Sunday, June 8, 2008

Willingness to Stop Smoking

Are you willing to do whatever it takes to quit smoking? Quitting is hard work and it takes a willingness to go through the steps to get to the other side. It's like starting a diet, you have to be willing to reduce caloric intake and increase energy expenditure. Diets fail because most are willing to do this for a specific period of time but then they want to go back to their previous way of eating, and they gain the weight back. The are not willing to adopt a new way of relating to food.
Smoking is similar. First, the smoker needs to be willing to do what it takes to get through the withdrawals and cravings, just like losing the weight is the first part of dieting. Next is maintenance, which is resisting smoking even one cigarette. This is where the question, "Are you willing to do what ever it takes to resist this one cigarette?" comes into play again.

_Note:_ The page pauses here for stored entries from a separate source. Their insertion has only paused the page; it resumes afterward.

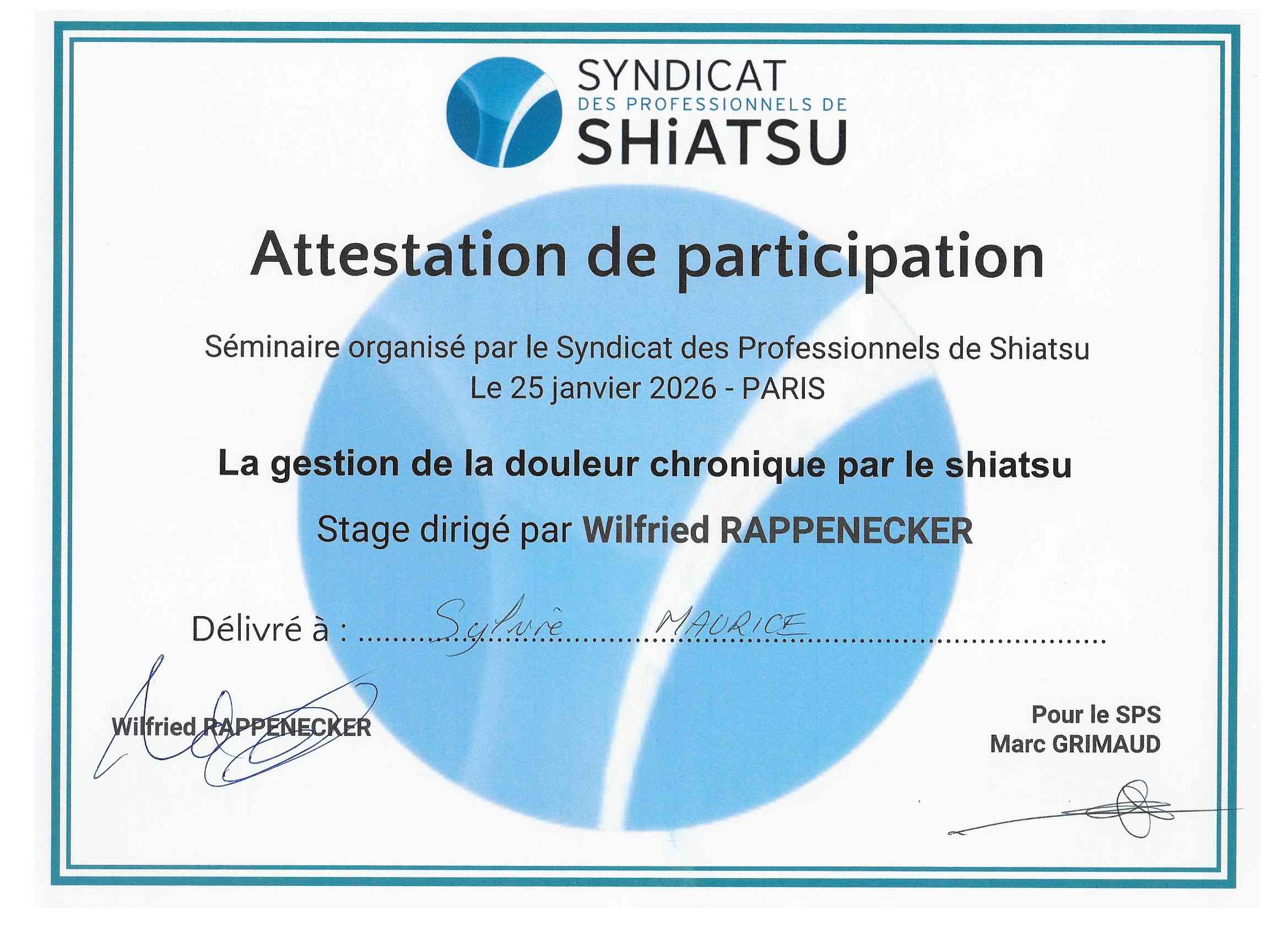 Titres en Shiatsu (voir la rubrique "compétences" pour les autres formations) : ___________________ Titre de spécialiste en Shiatsu cliquez sur la vignette _____________________ Titre d'enseignant en Shiatsu cliquez sur la vignette _____________________ La gestion de la douleur chronique par le Shiatsu cliquez sur la vignette
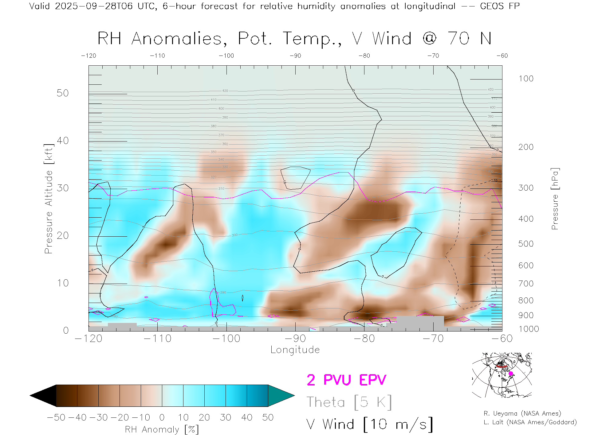 GEOS Forecast Rel. Hum. X-Section (70 N)
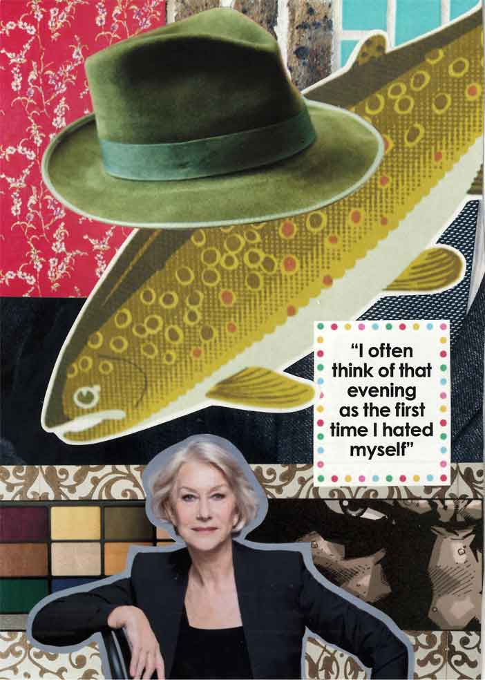 This page features a fish wearing a green hat, a make up palette and Helen Mirren looking grey and glorious while a garing eye looks at the camera.
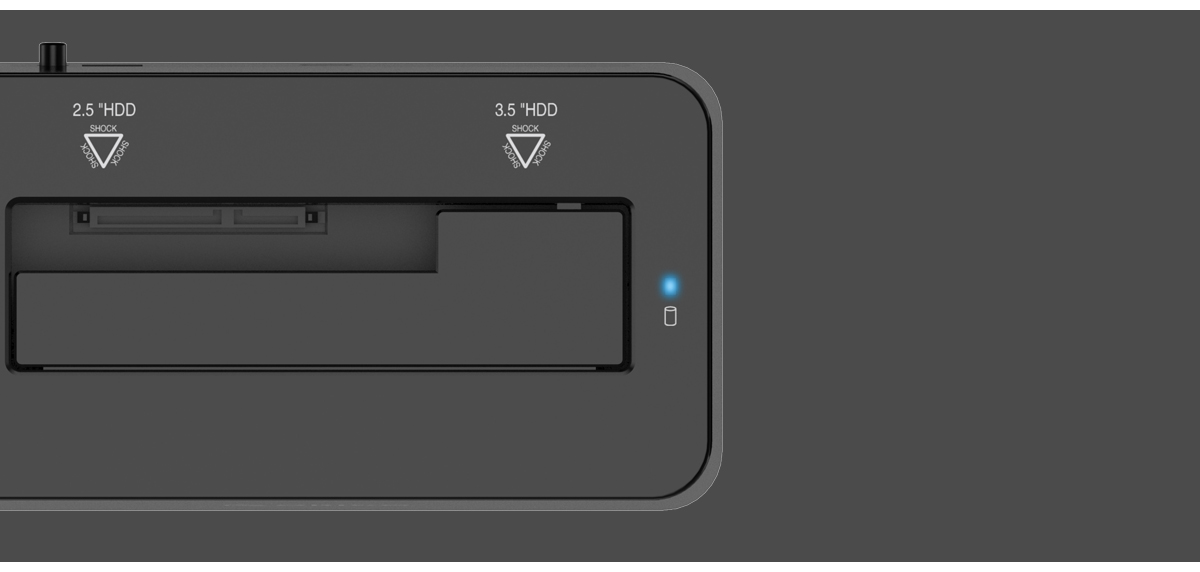 ORICO 6619C3配备温和不刺眼的LED灯,蓝灯表示正常,蓝红闪烁表示硬盘正在工作,一眼便可以全程监控硬盘工作状态。
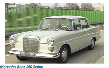 Still bearing a strong resemblance to its predecessor the 180, although with its longer bonnet giving the car a more angular appearance,the 190 sedan’s body was very obviously derived from the W111 series although fitted with round headlights, inviting a strong comparison to the W120/W121 models better known as the” Pontons.”
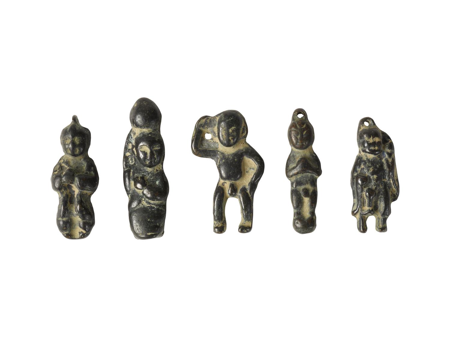 Quattro statuette raffiguranti Budda in vari atteggiamenti, di cui tre con appiccagnolo sulla testa per essere utilizzate come ciondolo ed una raffigurante un uomo nudo col braccio destro sollevato (5)
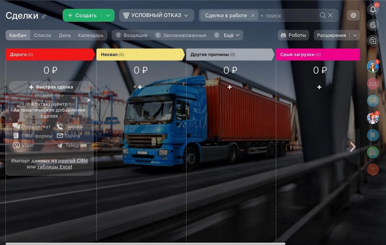 ✅ Чёткие воронки продаж — визуализацию и контроль каждого этапа цикла сделки.
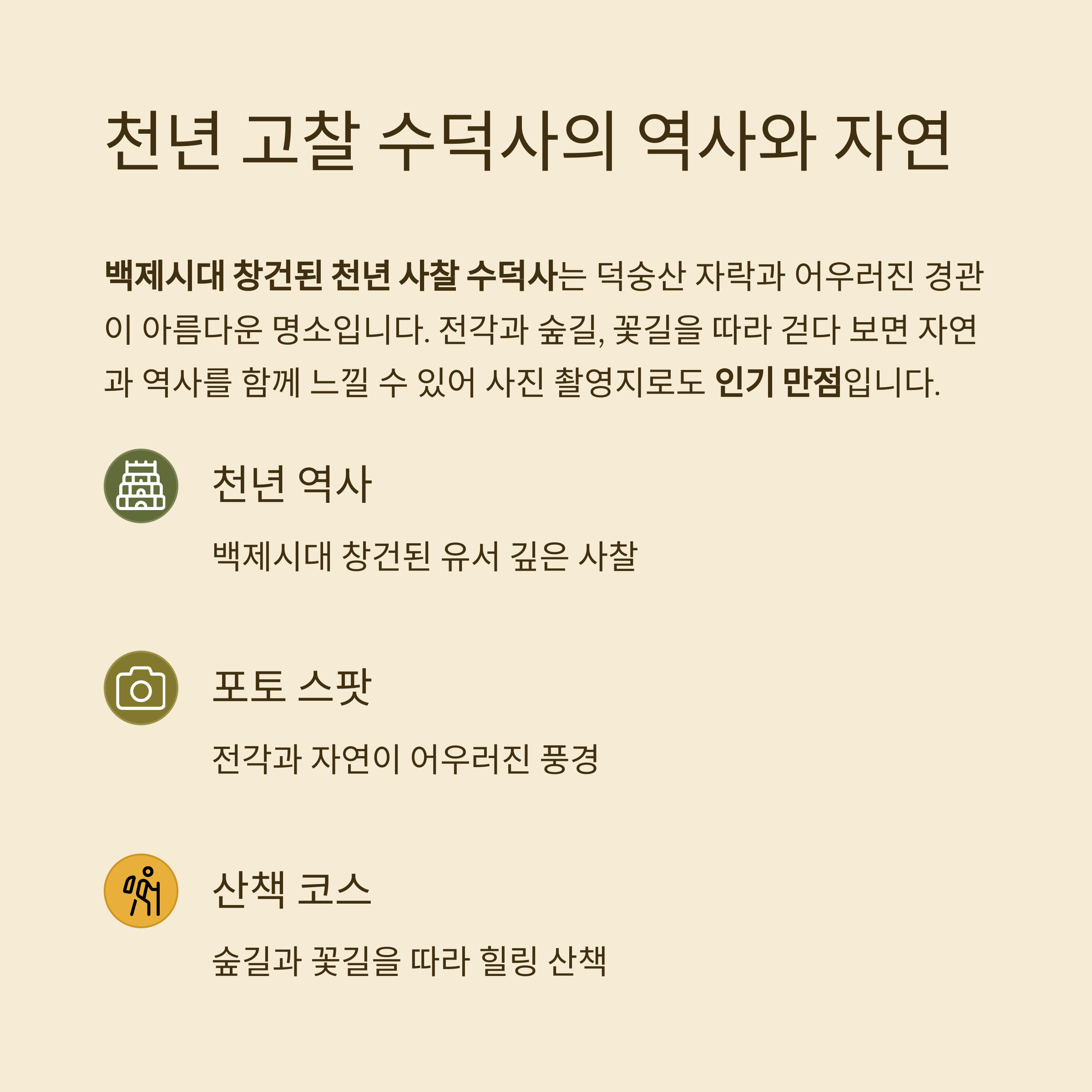 | 5 | 내포보부상촌 또는 수덕사 | 체험형 테마파크, 천년고찰 |
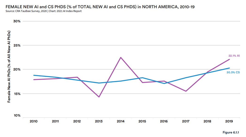 近年来,AI 博士毕业生和计算机科学终身教授的女性成员比例一直很低。根据计算机研究协会 (CRA) 的一项年度调查,北美 AI 博士项目的女性毕业生占所有博士毕业生的平均比例不足 18% 。
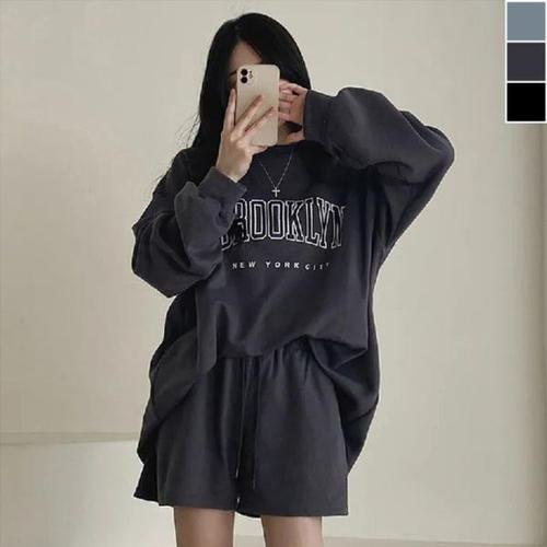 [오너클랜]인기상품 여자 맨투맨 반바지 셋업 1P 간절기 오버핏 세트 [WCC8561_250917]
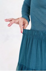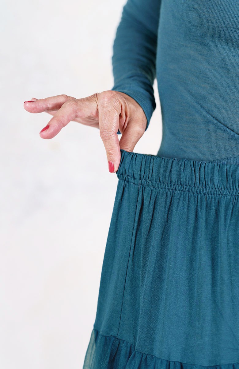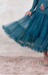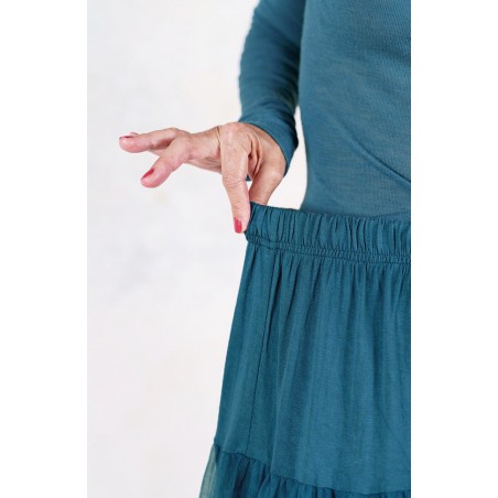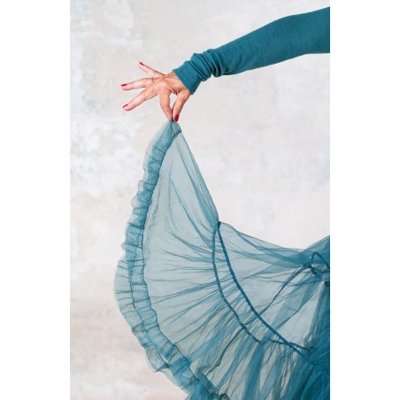 Divina sottogonna in jersey di viscosa e tulle, tinta nei cinque colori Essential Raptus&Rose. La Divina è sia sottogonna che gonna: perfetta sotto il Perfecto e qualsiasi gonna o abito tu voglia animare di mondi altri, è pensata per essere però indossata anche da sola, o sopra i jeans, con la Vita Sweater o un cardigan caldo di mohair. Ha un elastico gentile in vita, tre balze orgogliose di tulle e una pudica porzione di jersey coprente, lunga fino a metà coscia.
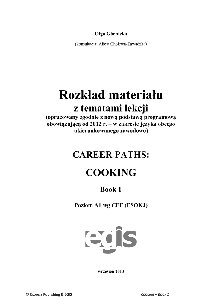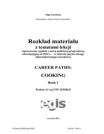 Olga Górnicka (konsultacja: Alicja Cholewa-Zawadzka) Rozkład materiału z tematami lekcji (opracowany zgodnie z nową podstawą programową obowiązującą od 2012 r. – w zakresie języka obcego ukierunkowanego zawodowo) CAREER PATHS: COOKING Book 1 Poziom A1 wg CEF (ESOKJ) wrzesień 2013 © Express Publishing & EGIS COOKING – BOOK 1 WSTĘP Cooking to publikacja należąca do serii Career Paths. Podręczniki z tej serii polecane są dla uczniów techników lub innych szkół zawodowych o odpowiednim profilu oraz tych, którzy chcą rozwijać swoje umiejętności językowe w zakresie języka angielskiego zawodowego (professional English). Autorzy serii założyli, że przystępujący do poznawania języka zawodowego znają już podstawy gramatyki języka angielskiego, a słownictwo ogólne mają opanowane na tyle, że potrafią się komunikować przynajmniej na podstawowym poziomie, wykorzystując właściwe funkcje językowe. Podręcznik podzielony został na trzy części: Book 1, Book 2 i Book 3, z których każda zawiera 15 rozdziałów. Poszczególne części odpowiadają kolejno poziomowi A1, A2 i B1 w Europejskim Systemie Opisu Kształcenia Językowego (Common European Framework of Reference for Languages). Prezentowany rozkład materiału podzielono na następujące rubryki: funkcje językowe; słownictwo; sprawności receptywne (czytanie i słuchanie); sprawności produktywne (mówienie i pisanie). Materiał zawarty w podręczniku jest przeznaczony na 30 godzin lekcyjnych. Na realizację każdego rozdziału przeznaczono 2 godziny lekcyjne. Pod rozkładem materiału nauczyciel znajdzie propozycje tematów lekcyjnych. Temat pierwszej godziny nawiązuje do prezentowanego tekstu i sugeruje również nauczycielowi przerobienie ćwiczeń leksykalnych, co stanowi przygotowanie do kolejnej lekcji, podczas której uczeń będzie w sposób czynny korzystał z nowo poznanych słów i zwrotów. Temat drugiej jednostki lekcyjnej wprowadza w świat słuchania oraz sprawności produktywnych, czyli mówienia i pisania. Pod hasłem Mówienie 1 kryje się odtworzenie przez uczniów wysłuchanego dialogu. Natomiast Mówienie 2 sugeruje wielokrotne powtarzanie własnych wersji tego dialogu, ze zmianą ról i wprowadzeniem różnych, proponowanych informacji. Ponieważ mówienie często sprawia uczniom – zwłaszcza mniej zaawansowanym językowo – największe problemy, proponuje się przeznaczenie na ćwiczenie tej sprawności językowej możliwie dużej ilości czasu. Samodzielne odegranie zadanej roli w języku angielskim zapewni uczniom nie tylko poczucie sukcesu i zadowolenia z siebie, ale będzie również motywacją do dalszej pracy. Pisanie to ostatni element każdego rozdziału, który nauczyciel może wykorzystać jako pracę domową. Po przerobieniu rozdziału uczeń jest przygotowany do wykonania zadania samodzielnie, zna potrzebne słownictwo i poznał wzór takiej formy pisemnej. Wiadomo, że w nauce, zwłaszcza języka obcego, bardzo ważne jest powtarzanie i utrwalanie nowopoznanego materiału. Po każdych trzech rozdziałach proponuje się więc jego powtórkę na lekcji w dowolnej formie (np. ponowne odegranie ról, gry językowe wykorzystujące słownictwo zawodowe itp.) albo sprawdzian pokazujący stopień opanowania przerobionego materiału. W poniższym rozkładzie materiału zamieszczono również informacje (kolor zielony) dotyczące realizacji wymagań nowej podstawy programowej (NPP) w zakresie języka obcego ukierunkowanego zawodowo (JOZ)1. Kurs składa się z: podręcznika, kompletu dwóch płyt CD do użytku w klasie, które zawierają nagrania wszystkich dialogów prezentowanych w podręczniku (zapisy nagrań znajdują się w książce nauczyciela), książki nauczyciela z kluczem odpowiedzi do wszystkich zadań znajdujących się w podręczniku. 1 Efekty kształcenia w zakresie JOZ przytoczono na końcu niniejszego Wstępu. © Express Publishing & EGIS COOKING – BOOK 1 Cooking to podręcznik, który zapewni korzystającym z niego nie tylko doskonalenie znajomości języka angielskiego, ale także poszerzenie wiedzy w interesującym ich obszarze zawodowym. Podstawa programowa kształcenia w zawodzie Efekty kształcenia: (JOZ). Język obcy ukierunkowany zawodowo Uczeń: 1. posługuje się zasobem środków językowych (leksykalnych, gramatycznych, ortograficznych oraz fonetycznych), umożliwiających realizację zadań zawodowych; 2. interpretuje wypowiedzi dotyczące wykonywania typowych czynności zawodowych artykułowane powoli i wyraźnie, w standardowej odmianie języka; 3. analizuje i interpretuje krótkie teksty pisemne dotyczące wykonywania typowych czynności zawodowych; 4. formułuje krótkie i zrozumiałe wypowiedzi oraz teksty pisemne umożliwiające komunikowanie się w środowisku pracy; 5. korzysta z obcojęzycznych źródeł informacji. © Express Publishing & EGIS COOKING – BOOK 1 Rozkład materiału – seria CAREER PATHS: Cooking BOOK 1 JEDNOSTKI LEKCYJNE FUNKCJE (NPP JOZ: 1) UMIEJĘTNOŚCI RECEPTYWNE PRODUKTYWNE (NPP JOZ: 2, 3) (NPP JOZ: 4) SŁOWNICTWO (NPP JOZ: 1) 1. The Kitchen 2 godz. ………… ………… – słownictwo związane z wymienienie kuchnią (appliances, stove, zastosowania różnych countertops itd.) urządzeń kuchennych – sprzęty kuchenne wyjaśnianie, dlaczego (refrigerator, freezer, kuchnia w restauracji dishwasher itd.) wymaga częstego – zwroty używane w czyszczenia i sprzątania rozmowie na temat stanu znajdowanie wyrazów o kuchni: What was wrong?, znaczeniu podobnym do I guess I forgot to…, I podanego w zdaniu won’t let it… itd. uzupełnianie luk w zdaniach wyrazami z podanego banku słów przekazywanie informacji wskazywanie błędów przepraszanie pisanie raportu o stanie kuchni (writing a report) Czytanie wykaz czynności (checklist) dla zmiany zamykającej kuchnię – wybór wielokrotny Słuchanie 1 rozmowa kierownika restauracji (restaurant manager) z szefem kuchni (chef) o stanie kuchni po o

Until a person is ready to answer "Yes" to this question, they may have quit but they are likely to relapse because they figure, "One won't hurt." But they are under estimating how powerful nicotine affects their brain. By slipping and having one cigarette, the receptors in the brain wake up and shout, "Don't tease me with one, I want the whole pack!" Both dieting and quitting smoking require life style changes to have long term success. For future non-smokers, it requires finding the tools to resist having "Just One".